Can Grafana fire an alert on the basis of majority of the times my query is violated?

Hi all,

Example;

  1. Let’s say that I have a metric which shows me CPU Utilization and if the utilization crosses 80%, an alert should be fired.

  2. I have created an alert which evaluates my query every 1m for 5m.

  3. This basically means that my query will be evaluated 5 times in 5 mins (1m + 1m + 1m + 1m + 1m) before it sends an alert to me.

  4. Now, let’s say that for the first 3 evaluation, CPU utilization was above 80% but for the next 2 evaluation, it went down to 60%. So, this tells me that in last 5 mins, for the majority of the time (3 out of 5 times) my CPU utilization was more than I wanted.

  5. What I need is to find a way that Grafana fires an alert to me on the basis on that majority. If 3 out of 5 times, my condition is violated, then fire an alert otherwise I don’t need any alert.

Is this possible? Can anyone help me out here?

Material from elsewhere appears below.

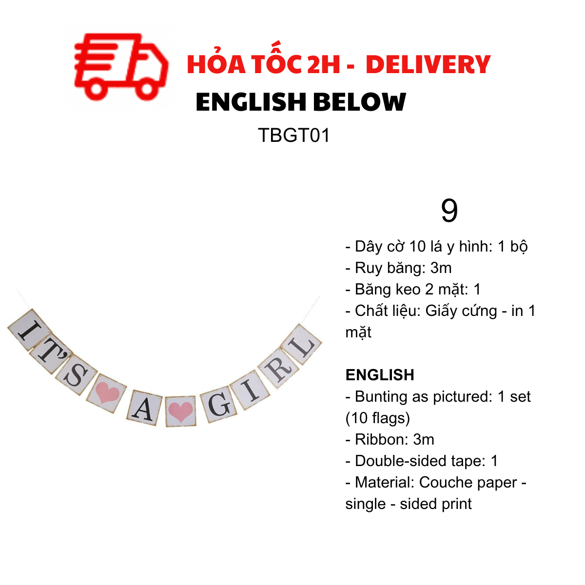 - Bunting as pictured: 1 set (9 flags)
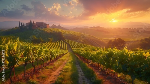 © theerachai, Fototapeta premium Picturesque Vineyard Landscape with Sunset and Winery

This is more or less what the average function does in a Reduce expression, but instead of looking at the past 5 evaluations, it takes the avarage of each data point returned by the query. This means that you can write a query that averages the CPU usage of the last 5 minute, in 1 minute intervals, and then alert on the average of the average.

Hi George,

Thanks for the response but it seems I need to write my query for dashboard again. I am looking if Alert’s evaluation behavior can do this?

Hi! You might need to change some of the dashboard query when writing your alert query as queries cannot always be copied 1:1 if the alert needs to do something different from the visualization.

Hi @georgerobinson I have written (1 - avg(rate(node_cpu_seconds_total{mode=“idle”}[$__rate_interval])) by (instance)) * 100 which finds out my CPU utilization %

I have put an alert query on this by using Reduce and Math function and then set the alert evaluation period for every 1m for 5m.

Now can you please help me where to change the query in order to receive the outcome?

Hi! You can edit the alert rule either from the dashboard or the alert rules page, and then change the query under Set a query and alert condition.

1 Like

Thanks @georgerobinson will try this. Also, is there any way in Grafana through which we can count the number of times my threshold was violated in a day?

Hi @georgerobinson

  1. Right now, the query of my panel is avg by (instance) (rate(node_cpu_seconds_total{mode=“idle”}[$__rate_interval])) * 100 which tells me the idle % of my CPU.

  2. I have put an alert with the help of reduce function: -

With the help of this, I am able to get the count of all the data points that can be seen in the specified time range (i.e., 5 mins which I have set).

  1. But I don’t want to see all the data points here. As you can see that I have put a threshold at 99.78%, I just want to see the count/number of times my time series data crossed that threshold and then put an alert of that threshold.

  2. So that the alert can notify me how many times in last 5 mins my threshold has been violated.

  3. I have also tried to use Classic condition but the output was 0.

  1. Next, I tried to write a query which simply counts my id% query but it gave me 100 as output.

count (avg by (instance) (rate(node_cpu_seconds_total{mode=“idle”}[$__rate_interval]))) 100 99.78*

  1. Can you help me if there is something I am missing here?